ConJur — Com essa alta carga tributária, o brasileiro deveria ter um excelente serviço público como contrapartida.

Condorcet — Pela história, o tributo era uma forma de servidão. O povo vencido era obrigado a pagar tributo ao povo vencedor. Hoje, nós estamos voltando para a servidão. A tributação é necessária para o governo manter o funcionamento da máquina pública e dar ao cidadão serviços básicos para ele viver. No Brasil, não temos escola pública, serviços de saúde, nem segurança pública de qualidade. O contribuinte paga o tributo e também paga convênio médico, escola particular e tem de mandar blindar seu carro. É uma duplicidade de custos que não devia haver. Nos países desenvolvidos, como a Suécia, a carga tributária é altíssima, mas os serviços públicos são ótimos.
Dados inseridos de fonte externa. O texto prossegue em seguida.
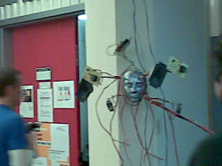 this is a pretty big in size (spans a 4 meter circular pond and is over 2 meters high) kinetic sculpture by Martin Smith. It is all about simplicity, repetion, rhythm and is ment to act as a meachanical reflection of the water below. It has movement sensors which activated the sculpture as people walk by.

ConJur — A complexidade do sistema tributário brasileiro interessa ao advogado tributarista?

Condorcet — Não. Da mesma maneira que epidemia de doença não é interessante para o médico. A complexidade também afeta o advogado como cidadão. Assim como o médico pode prestar serviços prevenindo para que o paciente não fique doente, o advogado pode assessorar seu cliente, por exemplo, a pagar menos imposto sem cometer nenhuma infração.

ConJur — E planejar para pagar menos imposto não significa sonegar, certo?

Condorcet — Nem todo planejamento visa à sonegação. Existe diferença. Uma coisa é o contribuinte não querer pagar Imposto de Renda no mês de dezembro porque não trabalhou e, portanto, o fato gerador não ocorreu. Outra coisa é ele dizer que não trabalhou para se livrar do imposto. Eu posso orientar um cliente, por exemplo, a não voar de São Paulo para Miami direto porque terá de pagar um imposto alto sobre essa passagem. Posso orientá-lo a ir até Belém do Pará e voar de lá para Miami. Ele paga menos imposto e isso não é sonegação. O imposto é devido depois que ocorre o fato gerador. Podemos impedir que esse fato gerador ocorra sem violar nenhuma lei. Um trabalhador que paga 15% de imposto, por exemplo, pode se recusar a ganhar mais porque, se seu salário for aumentado, terá de pagar 27,5% de imposto. Há a liberdade de planejar a vida fiscal sem violar nenhuma lei. Uma empresa pode se mudar para outra cidade onde o ISS é mais barato. Isso não é ilegal. O que ela não pode é simular essa mudança para pagar menos.

ConJur — O Brasil tem uma legislação complicada e, ao mesmo tempo, um Judiciário que muitas vezes revê seu próprio entendimento. Nesse cenário, é possível falar em segurança jurídica?

Condorcet — Não. Esse vai-e-vem do Judiciário cria insegurança. A segurança jurídica vem da certeza de que o tribunal vai julgar determinada matéria de certa forma. O tribunal cria uma jurisprudência e daí nasce a certeza jurídica de que ele pensa dessa maneira. Quando começa a haver variações desse pensamento, nasce a insegurança jurídica.

ConJur — O senhor sente que, com essas constantes operações da Polícia Federal, os empresários estão mais preocupados em andar dentro da lei?

Condorcet — Não. Eu não vejo ninguém que mereça a qualificação de empresário preocupado com as operação da PF. Bicheiros que se dizem empresários são simplesmente bicheiros, e não empresários.